◆ **Source material**:

----

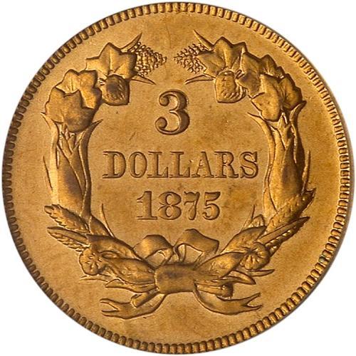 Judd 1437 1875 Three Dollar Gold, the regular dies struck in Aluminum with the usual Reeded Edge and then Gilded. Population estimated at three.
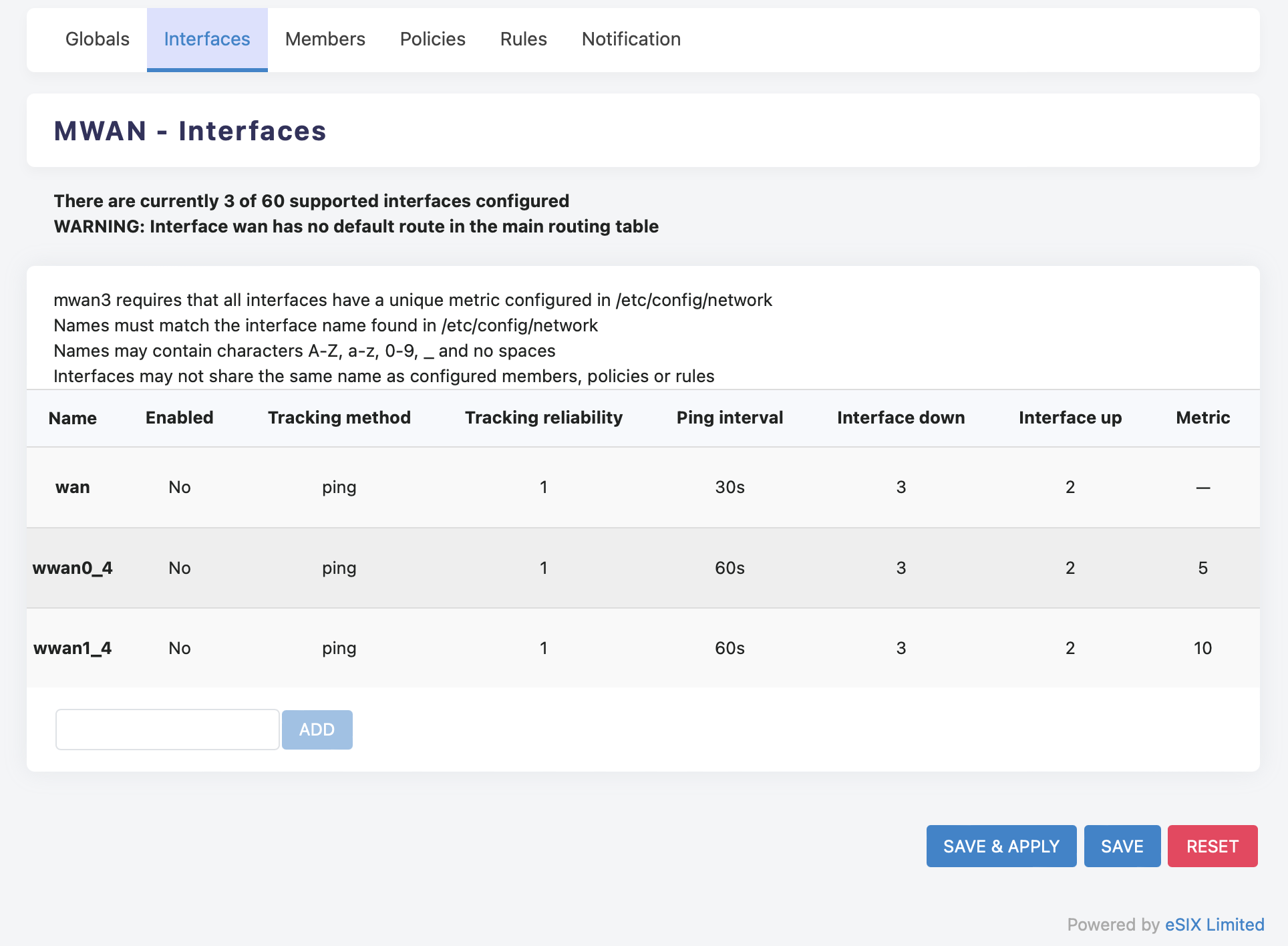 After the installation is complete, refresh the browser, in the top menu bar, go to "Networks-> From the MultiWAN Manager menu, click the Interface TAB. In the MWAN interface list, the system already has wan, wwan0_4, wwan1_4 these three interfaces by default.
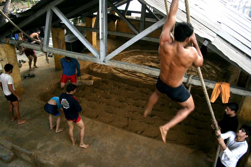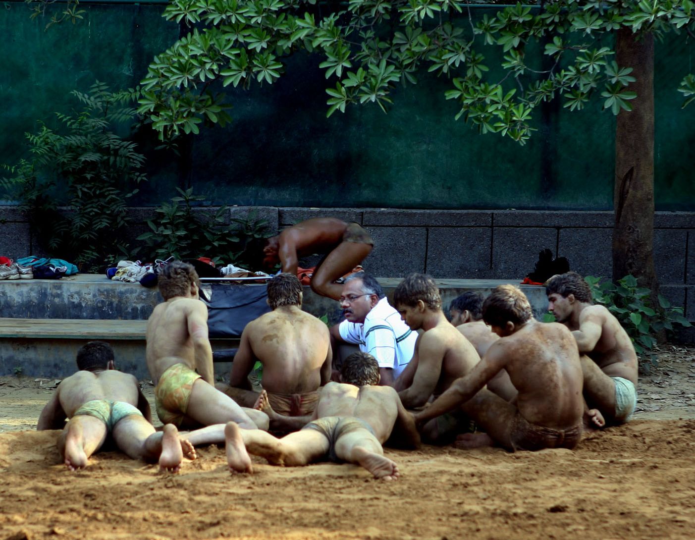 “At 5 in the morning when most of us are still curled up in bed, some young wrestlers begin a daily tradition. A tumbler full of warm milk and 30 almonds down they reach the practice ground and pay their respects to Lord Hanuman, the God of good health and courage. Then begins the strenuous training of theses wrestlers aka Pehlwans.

----

◆ **Activity**: Omit the pictures and print the listing exactly.

◆ **Task result**:
 Judd 1437 1875 Three Dollar Gold, the regular dies struck in Aluminum with the usual Reeded Edge and then Gilded. Population estimated at three.
 After the installation is complete, refresh the browser, in the top menu bar, go to "Networks-> From the MultiWAN Manager menu, click the Interface TAB. In the MWAN interface list, the system already has wan, wwan0_4, wwan1_4 these three interfaces by default.
 “At 5 in the morning when most of us are still curled up in bed, some young wrestlers begin a daily tradition. A tumbler full of warm milk and 30 almonds down they reach the practice ground and pay their respects to Lord Hanuman, the God of good health and courage. Then begins the strenuous training of theses wrestlers aka Pehlwans.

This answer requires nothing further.